Today, I stayed at home, relaxed, and let my business rake in $65 in revenue. With some initial setup, you can do the same!

 

Play it safe. Don’t take risks. High school is too early to make a difference. You’ve failed before. None of these criticisms were enough to stop me. I saw a real problem in the education system, and I was about to go out and attack it. Some people pay over $70 an hour for private tutoring, which is outrageous! My company that tutors for less, while employing high school students, to close the educational gap based on income- while donating a large portion of the profits to charity. My business makes around $200 a week in revenue, and I started only 4 months ago. I now have 11 tutors, and make over $200 in revenue a week- without doing much besides making sure everything goes smoothly. We pay our tutors well, as well as donate a significant amount to charity, but I still pocket up to $45 a week. Our website has over 350 views, and we are running at full capacity. I am a high school entrepreneur, and this is my guide to starting a business.


I know many of you may be wondering, why start a business in the first place? It is a great way to show leadership experience, make money for yourself and for charity, and an opportunity to employ your friends. While it is one of the riskiest things you can do with your time, it is one of the most rewarding when it succeeds. Leadership is one of the main qualities colleges look for, and the bravery and experience you show through starting a business shines through on applications. The road may be long, but if you can stick with it you will be rewarded with amazing experiences, friendships, connections, and a little (ok, a lot) of money on the side. 

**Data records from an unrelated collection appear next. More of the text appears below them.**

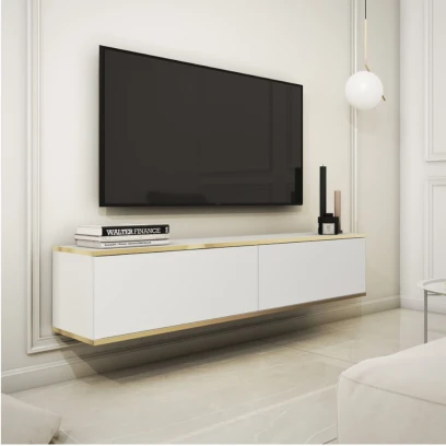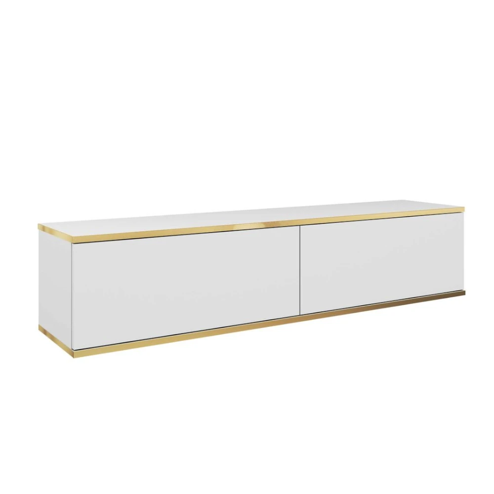 Szafka wisząca RTV Toro 135 cm to elegancki, nowoczesny mebel o prostej bryle. Gładkie, bezuchwytowe fronty oraz subtelne złote wykończenie krawędzi nadają jej luksusowego charakteru, a forma zawieszona na ścianie dodaje wnętrzu lekkości i ułatwia utrzymanie porządku.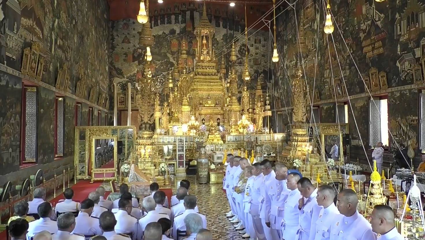 His Majesty the King graciously designated His Serene Highness Admiral Pusan Sawasdiwat as His Majesty’s representative to attend the inscription ceremony inside the ubosot of the Temple of Emerald Buddha.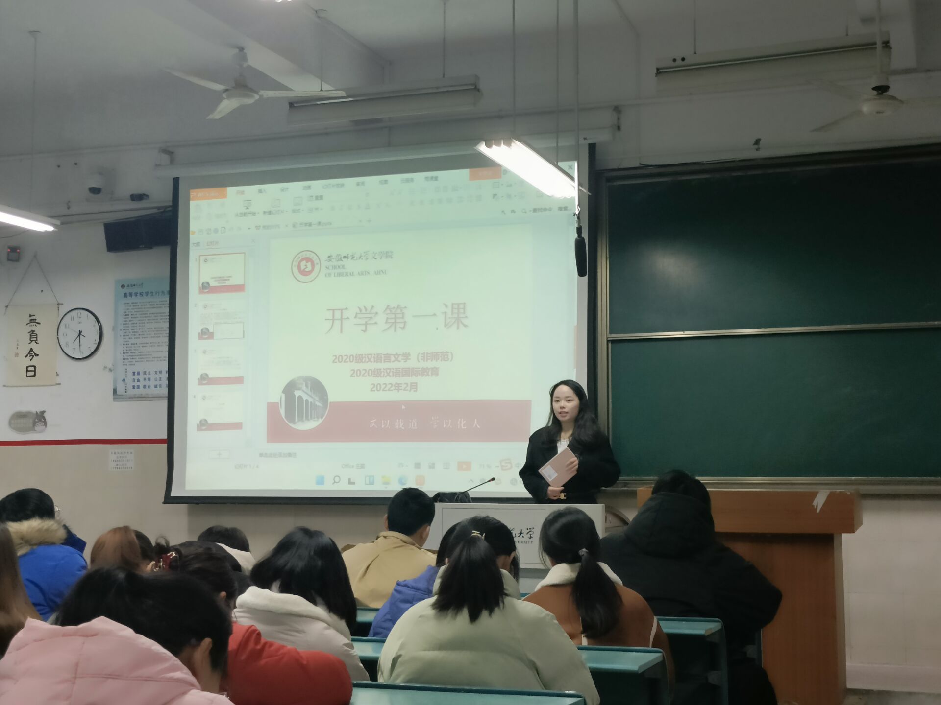 律回春晖渐,万象始更新。新学期伊始,为积极贯彻落实2022年春季学期教育教学和新冠肺炎疫情防控等工作,开展好思想政治教育,2月20日晚19:00,20级汉语国际教育与20级汉语言文学(非师范)全体同学共同参加了“开学第一课”主题班会活动,班会由辅导员茆蕾老师主持。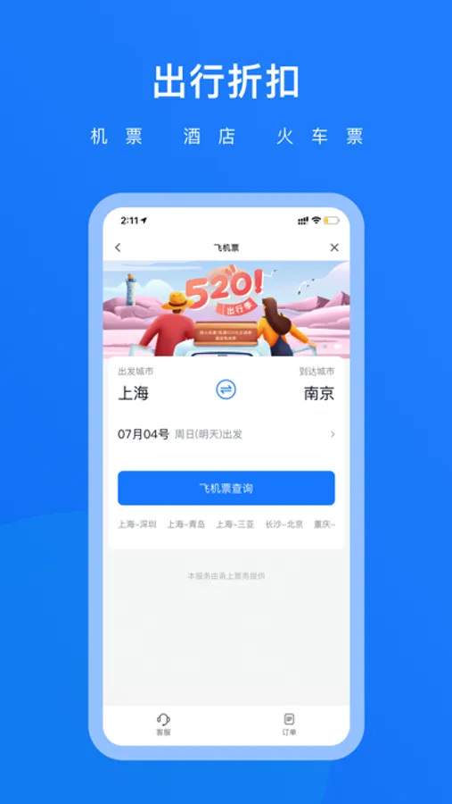 专注于一站式、一体化的商旅服务,提供机票预定、火车票预定、酒店预定等服务,创新研发了多渠道比价、低价检测推荐、多级在线审批、全程费用管控等智慧管理功能。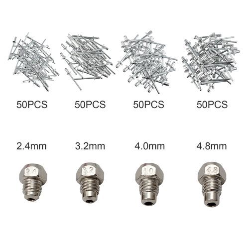 1 PC rivet gun with 4 different sizes heads 1 PC Head wrench 1 PC Portable case 50 PCS 3/32 inch x 1/4 inch rivets 50 PCS 1/8 inch x 1/4 inch rivets 50PCS 5/32 inch x 1/4 inch rivets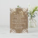 Rustic barn wood elegant string lights and lace wedding insert with directions, reception details, accommodations and other information for guests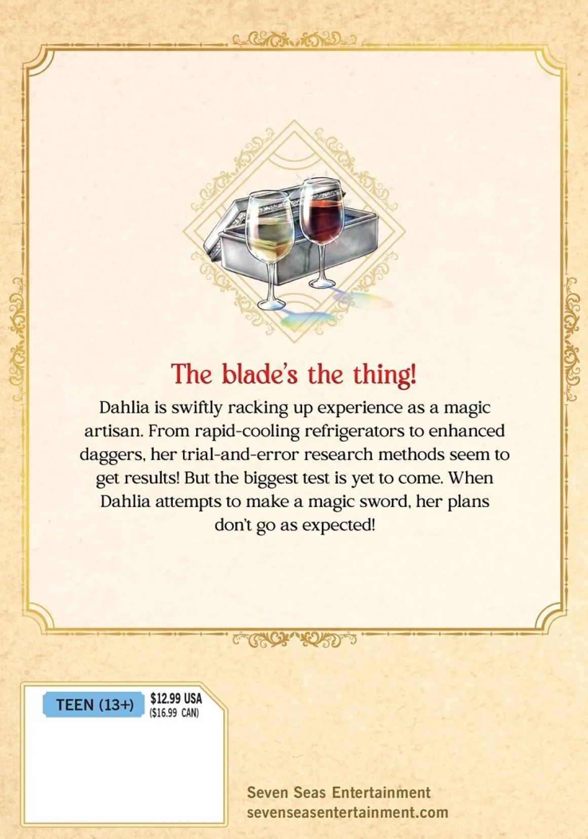 Dahlia is swiftly racking up experience as a magic artisan. From rapid-cooling refrigerators to enhanced daggers, her trial-and-error research methods seem to get results! But the biggest test is yet to come. When Dahlia attempts to make a magic sword, her plans don’t go as expected!

My business grew organically. It started when someone contacted me asking me to tutor their ADHD child for $15 an hour once a week, and I accepted. As it progressed, I spent my money at used book sales where I picked up loads of business textbooks for $1 each. Friends began to take notice, and asked me where I got the money from- and that was when my eyes opened to the opportunity that was in front of me. I created a website, got a business partner (one of my biggest mistakes yet), created a marketing plan and business projections, found qualified tutors who were friends of mine, and got out there. We received an overwhelming response, with over 30 people requesting tutoring. The road to a successful business, however, is not that easy. My partner didn’t respond to many of the people, so while I assumed things were going well, many potential clients were being lost. We also faced a problem of lacking tutors in comparison to the demand. In life, however, one of the best problems you can have is too much demand. Once I discovered what my partner was hiding from me, I immediately messaged each person personally saying I would get back to them soon, and I pointed them to our website. I also made a push at school to find more tutors. My group of friends was limited, but after the first 6 or so tutoring deals went through, word of mouth began to spread. Clients began coming to us, and we no longer had to advertise as heavily. Tutors began hearing about us after they noticed their friends suddenly spending a lot more, and we organically grew.


Still, things were not always good, and not everyone is trustworthy. We had one client who registered, received tutoring, had their parents tell us that they would pay us at the next session, then the parents blocked us and never contacted us again- we had to pay our tutor out of our pocket. Regardless of occasional setbacks like this, most people are good and faith in humanity combined with discipline pays off in the long run.


A word of advice: whatever you do, do it for passion, not money. The money is a nice perk, but the real goal of a business should be to have fun while helping people. If you want to start your own business, create an idea, gather a team, read lots of business books, and prepare for one amazing ride.